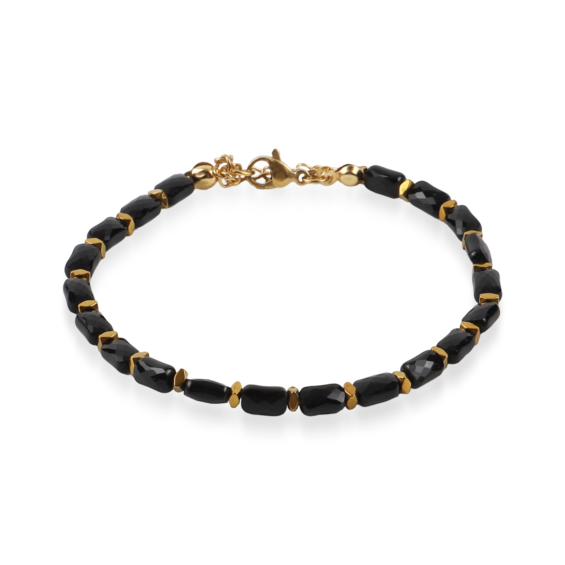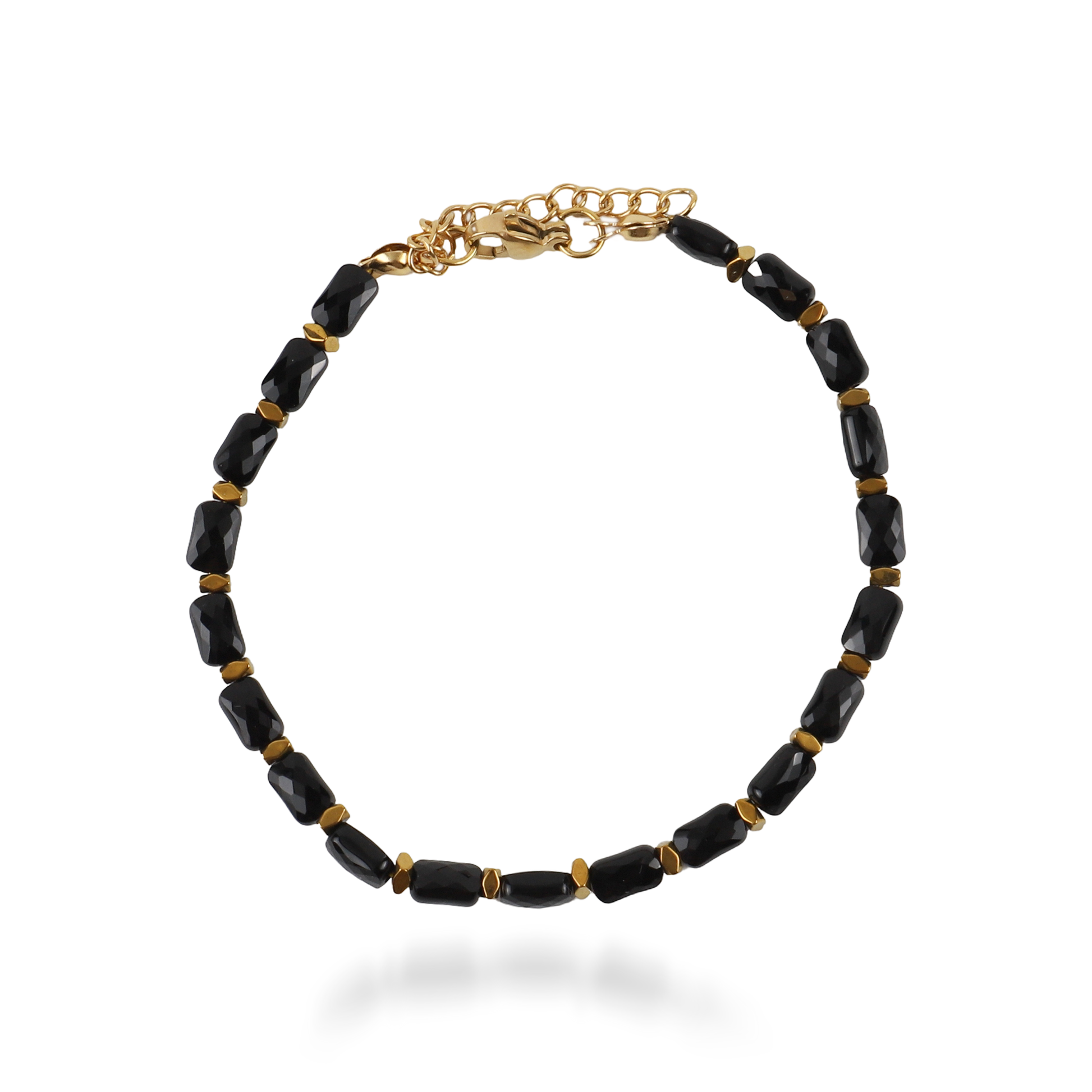 Αναδείξτε το στυλ σας με αυτό το κομψό βραχιόλι με μαύρες χάντρες, που εντυπωσιάζει με τον μινιμαλιστικό του σχεδιασμό και τη διαχρονική του φινέτσα. Οι χρυσές λεπτομέρειες προσθέτουν μια διακριτική λάμψη, δημιουργώντας έναν εκλεπτυσμένο συνδυασμό κομψότητας και δυναμισμού. Ιδανικό για κάθε στιγμή της ημέρας, το βραχιόλι αυτό συμπληρώνει κάθε εμφάνιση με μοντέρνο χαρακτήρα και ανεπιτήδευτη πολυτέλεια.
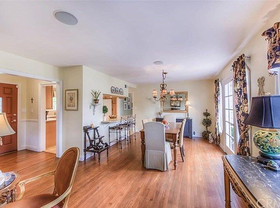 Classic ranch-inspired home rests in the heart of North Tustin and has been impeccably maintained and improved with a variety of upgrades. With a welcoming curbside approach and well-appointed interior consisting of four spacious bedrooms, three baths and 2,172 square feet, enjoy a comfortable floor plan with wood floors that flows with ease for everyday living and entertaining. The bright kitchen features modern improvements including beautiful granite counters, custom cabinets with eating bar and island, and opens to the dining and living room warmed by a wood-burning fireplace and surround sound system. Adding to the appeal of this home is the generous family room and bonus room, which could be a fourth bedroom if desired. The master bedroom is truly a quiet haven and offers a large walk-in closet, a delightful built-in window seat and private access to the charming backyard. French windows and doors surround the home and flood the main living areas with natural sunlight and capture views of the large grassy back yard, ideal for relaxed living, with brick paver patio seating areas, vibrant gardens and fruit-bearing trees. Abundant storage and award-winning schools awaits the most discerning buyer to call this home their own.
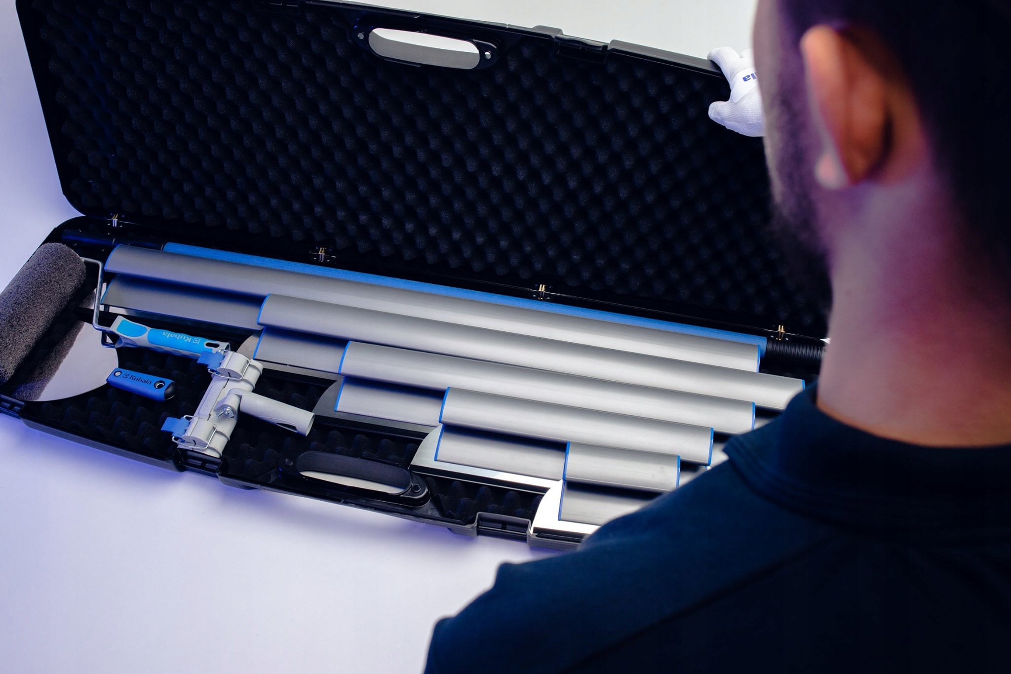 Чемодан наполнен пеной, чтобы всегда самые ценные и точные инструменты не они были повреждены во время транспортировки от строительства к строительству.

★ ★ ★ ★ ★

# What is required:
Transcribe every line of the data exactly. No pictures go in the copy.

# Completed task:
 Αναδείξτε το στυλ σας με αυτό το κομψό βραχιόλι με μαύρες χάντρες, που εντυπωσιάζει με τον μινιμαλιστικό του σχεδιασμό και τη διαχρονική του φινέτσα. Οι χρυσές λεπτομέρειες προσθέτουν μια διακριτική λάμψη, δημιουργώντας έναν εκλεπτυσμένο συνδυασμό κομψότητας και δυναμισμού. Ιδανικό για κάθε στιγμή της ημέρας, το βραχιόλι αυτό συμπληρώνει κάθε εμφάνιση με μοντέρνο χαρακτήρα και ανεπιτήδευτη πολυτέλεια.
 Classic ranch-inspired home rests in the heart of North Tustin and has been impeccably maintained and improved with a variety of upgrades. With a welcoming curbside approach and well-appointed interior consisting of four spacious bedrooms, three baths and 2,172 square feet, enjoy a comfortable floor plan with wood floors that flows with ease for everyday living and entertaining. The bright kitchen features modern improvements including beautiful granite counters, custom cabinets with eating bar and island, and opens to the dining and living room warmed by a wood-burning fireplace and surround sound system. Adding to the appeal of this home is the generous family room and bonus room, which could be a fourth bedroom if desired. The master bedroom is truly a quiet haven and offers a large walk-in closet, a delightful built-in window seat and private access to the charming backyard. French windows and doors surround the home and flood the main living areas with natural sunlight and capture views of the large grassy back yard, ideal for relaxed living, with brick paver patio seating areas, vibrant gardens and fruit-bearing trees. Abundant storage and award-winning schools awaits the most discerning buyer to call this home their own.
 Чемодан наполнен пеной, чтобы всегда самые ценные и точные инструменты не они были повреждены во время транспортировки от строительства к строительству.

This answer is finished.